Programa Mais Médicos Especialistas amplia oferta no Rio de Janeiro com 50 novos profissionais, reforçando atendimentos no SUS e priorizando especialidades com maior demanda
O estado do Rio de Janeiro recebeu 50 novos especialistas dentro do Projeto Mais Médicos Especialistas, em uma ação voltada para reduzir o tempo de espera por consultas e procedimentos no SUS.
Os profissionais vão atuar em cidades fluminenses, ampliando a capacidade de atendimento em áreas com filas mais longas, em especial na região metropolitana do Rio.
Com a chegada deste novo grupo, o Rio de Janeiro agora conta com 68 profissionais oriundos do programa, somados aos 18 que iniciaram suas atividades no ano passado, conforme informação divulgada pela Gazeta Nordestina.
Como funciona a alocação e a jornada dos médicos
A alocação dos especialistas segue editais lançados pelo Ministério da Saúde, com base nas demandas apontadas por gestores locais, e inclui um processo seletivo em que os médicos indicam preferências de lotação, o que pode implicar deslocamento entre estados.
Cada médico dedica 16 horas semanais ao atendimento direto à população do SUS e outras 4 horas à formação e atualização em sua área de especialidade, conforme informado pelo Ministério da Saúde.
Impacto pós-pandemia e prioridades de atendimento
O secretário estadual de Saúde, Ronaldo Damião, lembra que a pandemia de COVID, cancelou milhares de cirurgias entre 2020 e 2021, aumentando filas e o tempo de espera, especialmente para procedimentos de alta complexidade.
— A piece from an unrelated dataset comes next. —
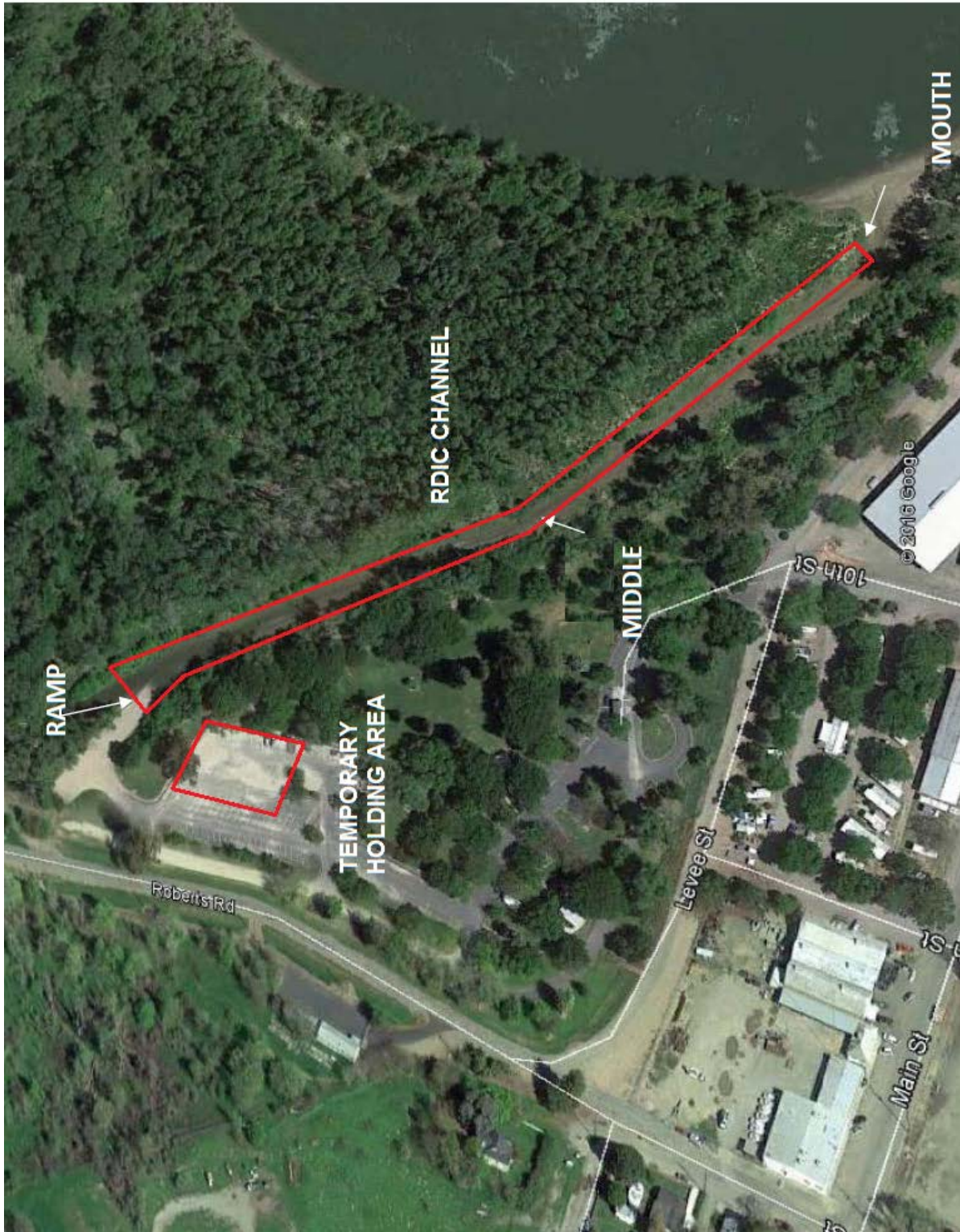
Figure 2- Site Map: Channel and Temporary Holding Area

Por isso, o programa foca em áreas críticas, como oncologia, cirurgia cardiovascular e radioterapia, onde a demanda reprimida é mais severa. Hospitais universitários do estado, como o Hospital Universitário Pedro Ernesto, e as unidades da UFRJ, UFF e UniRio deverão ser beneficiados.
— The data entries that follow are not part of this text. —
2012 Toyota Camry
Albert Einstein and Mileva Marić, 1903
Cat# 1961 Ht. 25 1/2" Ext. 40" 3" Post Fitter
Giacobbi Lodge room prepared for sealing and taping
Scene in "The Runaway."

Escala nacional e metas do programa
Atualmente, o Projeto Mais Médicos Especialistas conta com 1.501 profissionais em todo o Brasil, com a meta de alcançar 2.000 médicos até o final deste ano.
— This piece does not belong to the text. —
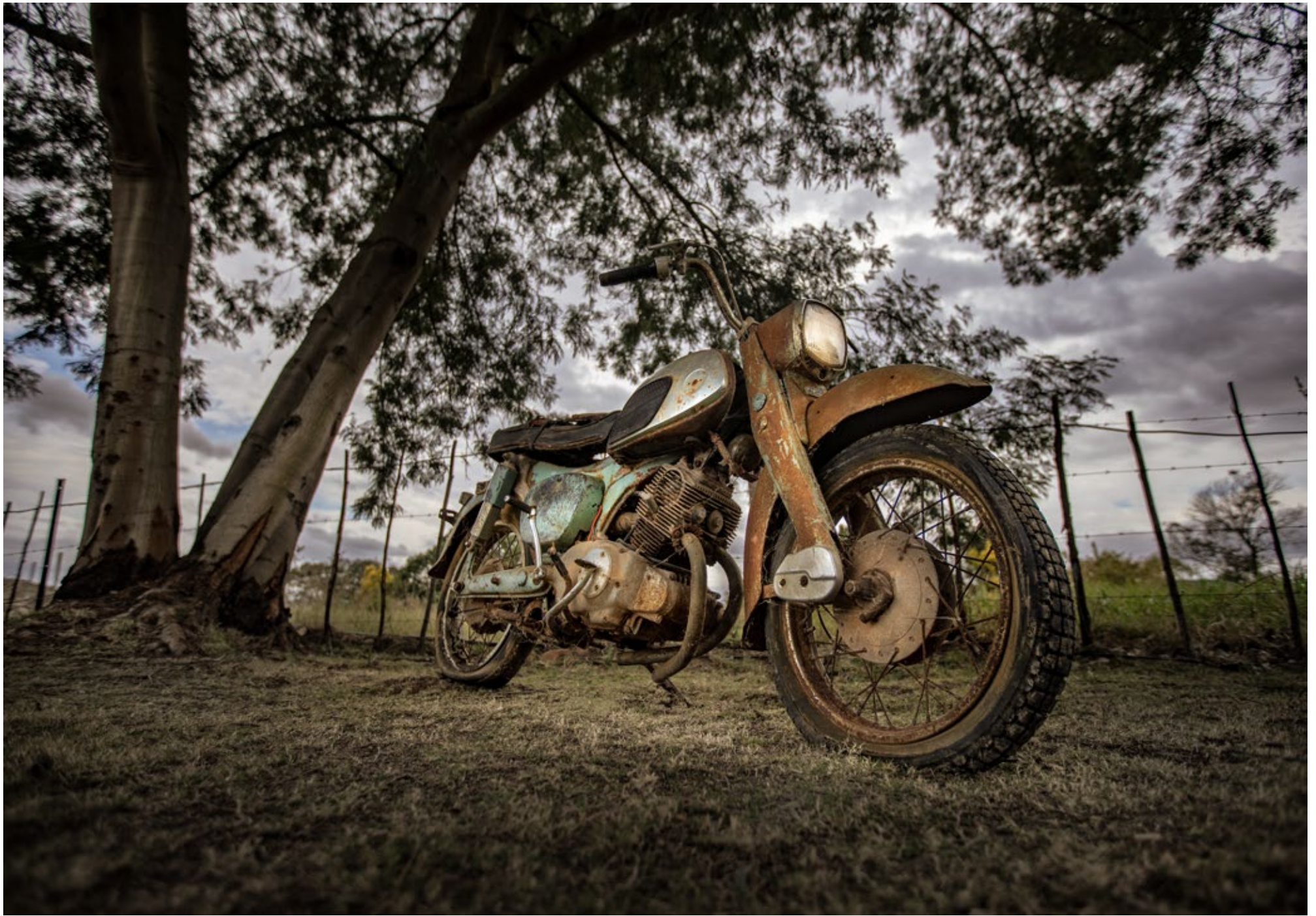
ABANDONED # 39 | Swellendam - South Africa 60 x 77cm | 80 x 110cm

A expansão nacional é considerada estratégica para recuperar e fortalecer a rede pública de saúde no pós pandemia, reduzindo filas e descentralizando oferta de especialistas.
Experiências que motivam adesão ao SUS
Médicos que ingressam no programa relatam motivação pessoal e profissional para atuar no setor público. A ginecologista Lorena Rodrigues Nascimento, 30 anos, é exemplo dessa trajetória, ela escolheu Maricá e iniciou atendimentos em abril.
“Eu tive uma experiência muito marcante com um familiar no SUS, Depois desse dia, eu decidi que queria trabalhar no SUS novamente e me sinto muito grata, É uma oportunidade de devolver um pouco da minha formação ao SUS”, afirmou a médica.
Além do atendimento direto, a exigência de horas de formação contribui para atualização contínua dos especialistas, o que tende a melhorar a qualidade dos serviços oferecidos nas unidades públicas.
O que muda para os pacientes
Com a chegada desses 50 profissionais, pacientes devem ver redução no tempo de espera por consultas e procedimentos, especialmente nas regiões com maior concentração de vagas e maior prejuízo causado pelo acúmulo de demandas na pandemia.
A articulação entre Ministério da Saúde e gestores locais segue sendo essencial para identificar pontos críticos, lançar novos editais quando necessário e garantir que os especialistas permaneçam nas localidades de maior necessidade.
Matéria produzida com base em informações oficiais e dados divulgados pela Gazeta Nordestina.